Перед вступлением в новую должность генерал Тейлор провел расследование ошибок, допущенных во время кубинской операции. Генерал Беделл Смит[95] свидетельствовал: «Демократическая страна не может вести войну. Когда война начинается, президента наделяют чрезвычайными полномочиями. Граждане страны считают, что по окончании чрезвычайного положения права и полномочия, временно предоставленные главе исполнительной власти, будут возвращены штатам, округам и всему народу». Смит полагал, что ЦРУ перестало приносить такую пользу, как раньше, и его, возможно, придется заменить новой секретной службой. «Пора, – заметил он, – выплеснуть на ЦРУ ведро помоев, чтобы замаскировать его понадежнее»84.

Из-за растущего недоверия к советникам из числа военных и разведчиков Кеннеди было гораздо легче отвергнуть их требования об отправке американских войск в Лаос, хотя Эйзенхауэр и предупреждал его, что это может оказаться необходимым для победы над коммунистами из Патриотического фронта Лаоса.
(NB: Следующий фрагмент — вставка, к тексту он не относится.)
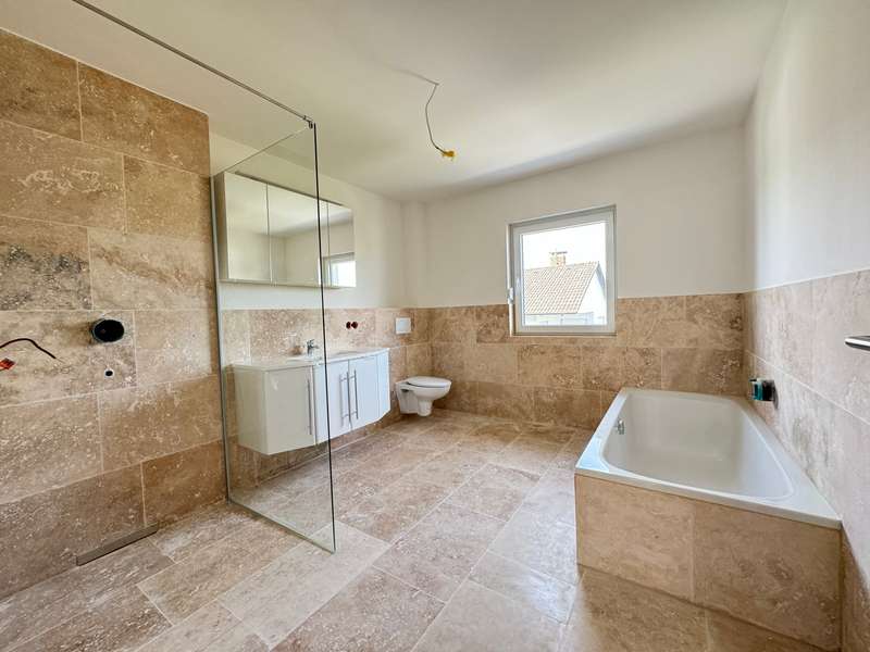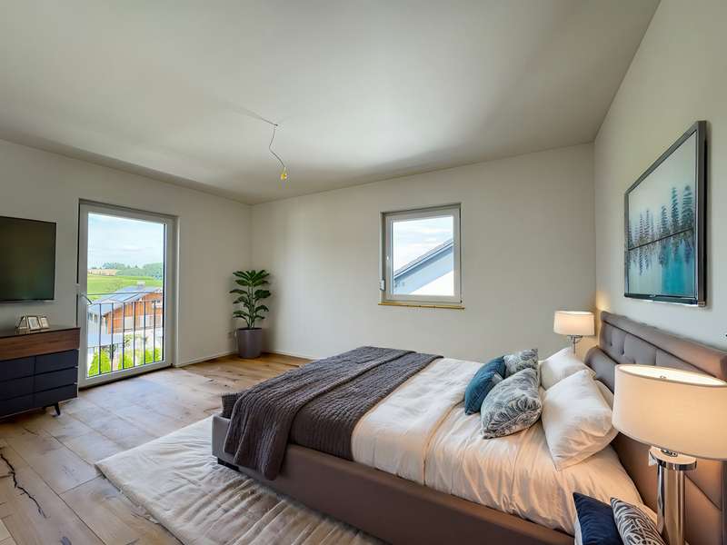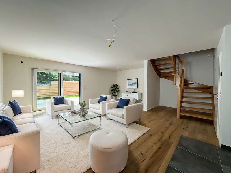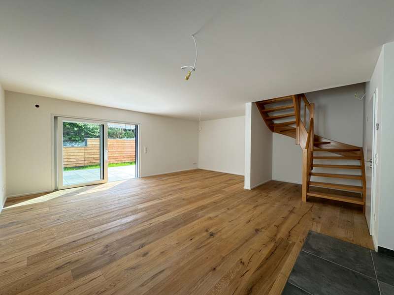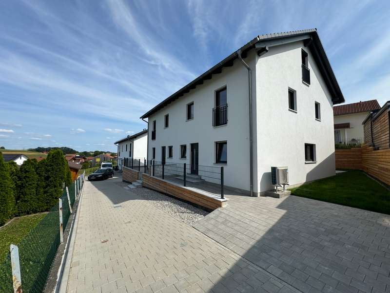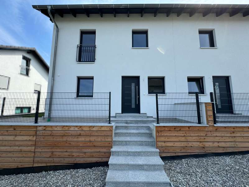 In an absolutely quiet and family-friendly residential area on a slightly sloping plot in Stefanskirchen - a district of Ampfing - these two modern and high-quality semi-detached houses are being built as partial extensions! Here, the future owners can realize their dream of owning their own home individually and affordably with a manageable amount of personal contribution. The houses will be built in an architecturally appealing and energy-efficient manner using modern timber frame construction as an efficiency house 55. The large window areas on all floors (especially to the south), the well thought-out room layout and the efficient underfloor heating (heat pump) ensure a cozy and comfortable living environment in your new home. The first floor of the semi-detached house impresses with its open and friendly floor plan. The entrance area contains the guest WC, the hallway with ample space for your wardrobe and access to the utility room. The central focal point of this property is the almost 38 m² cooking, dining and living area with access to the sunny terraces. A high-quality solid wooden staircase leads to the upper floor, where there are three bedrooms and the family bathroom. The space on offer is rounded off by the approx. 23 m² attic studio with a large dormer window, which provides plenty of natural light and a feel-good atmosphere on this floor. The price includes the double carport with space for two cars, Own work includes the following work: Tiling and floor coverings, filling and painting work inside, sanitary installation (the raw installation including shower tray and bathtub is included in the price), doors and frames inside as well as the paving work and terrace design outside. The quiet location in a pleasant neighborhood combined with a short distance to the freeway round off your new feel-good home perfectly. Construction is scheduled to start in November 2023 and be completed in spring 2024. ***The energy requirement certificate is currently being drawn up*** Take a look at all the details and the potential of this modern new-build property for yourself and arrange a non-binding consultation with us. You will receive a detailed description of the construction and services after contacting us.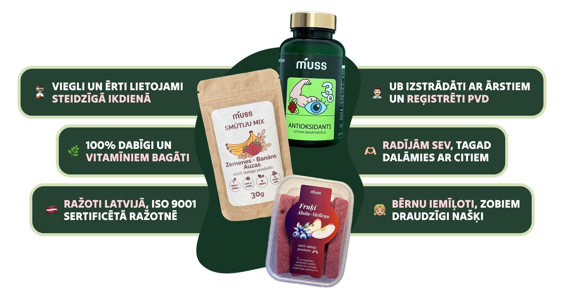 Brīnišķīgs našķis, paldies! Nu vitamīnus varam uzņemt visu cauru gadu. Mums Muss produkti iet uz urrā!🤤

Кеннеди сказал Теду Соренсену и Артуру Шлезингеру-младшему, что, если бы не события в заливе Свиней, он бы уступил. КНШ настаивал на том, чтобы Кеннеди дал безоговорочное согласие на массированное вторжение в Лаос и одобрил распространение войны в Китай в случае необходимости, даже если это будет означать ядерную войну. Кеннеди воспротивился подобным требованиям и привел генералов в ярость, отдав предпочтение лаосским нейтралистам. «После залива Свиней, – сказал Шлезингер Дэвиду Тэлботу, – Кеннеди презирал КНШ… Он называл членов комитета кучкой престарелых генералов, а Лемнитцера и вовсе считал придурком»85.

Еще не оправившись от глубокого потрясения, вызванного событиями на Плайя-Хирон, Кеннеди тщательно готовился к июньской встрече с Хрущевым, которая должна была пройти в Вене. Хрущев уже переписывался с новым президентом, надеясь добиться некоторой разрядки напряженности и достичь соглашений по вопросам запрещения ядерных испытаний, положения в Лаосе и в Западном Берлине. Но теперь отношения между СССР и США были омрачены. На саммите глава советского правительства обрушил на президента США град обвинений. Хрущев обвинял молодого президента в том, что США проводят империалистическую политику по всему миру. Он заявил, что американо-советские отношения упираются в решение германского вопроса, и при этом резко критиковал ремилитаризацию Германии и ее растущую роль в НАТО. Он настаивал на том, чтобы до конца года был подписан договор, признающий существование двух самостоятельных германских государств. Для Берлина он предложил статус «свободного демилитаризованного города» под юрисдикцией Восточной Германии при гарантированном доступе для стран Запада. В конце встречи Кеннеди сказал Хрущеву: «Чувствую, нас ждет очень холодная зима»86. А одному репортеру объяснил: «Если Хрущев хочет ткнуть меня лицом в грязь, то я не вижу смысла в дальнейших переговорах»87. Джордж Кеннан заметил, что Кеннеди во время саммита «почему-то боялся даже рот открыть»88. Позднее уязвленный президент побеседовал наедине с Джеймсом Рестоном, одним из ведущих американских журналистов. «Тяжеленько?» – спросил Рестон. «Как никогда в жизни», – ответил Кеннеди. И объяснил подробнее:


«У меня две трудности. Во-первых, понять, почему он все это сказал, да еще в таком враждебном тоне. А во-вторых, понять, что нам с этим делать. Я думаю… он высказал все это из-за событий в заливе Свиней… он считал, что тот, кто влез в такую авантюру, молод и слишком неопытен, а тот, кто не сумел довести дело до конца, – трус. Поэтому он просто вытряс из меня душу. Так что теперь передо мной стоит нелегкая задача… как восстановить веру в мощь Америки, и, похоже, удобнее всего это сделать во Вьетнаме»89.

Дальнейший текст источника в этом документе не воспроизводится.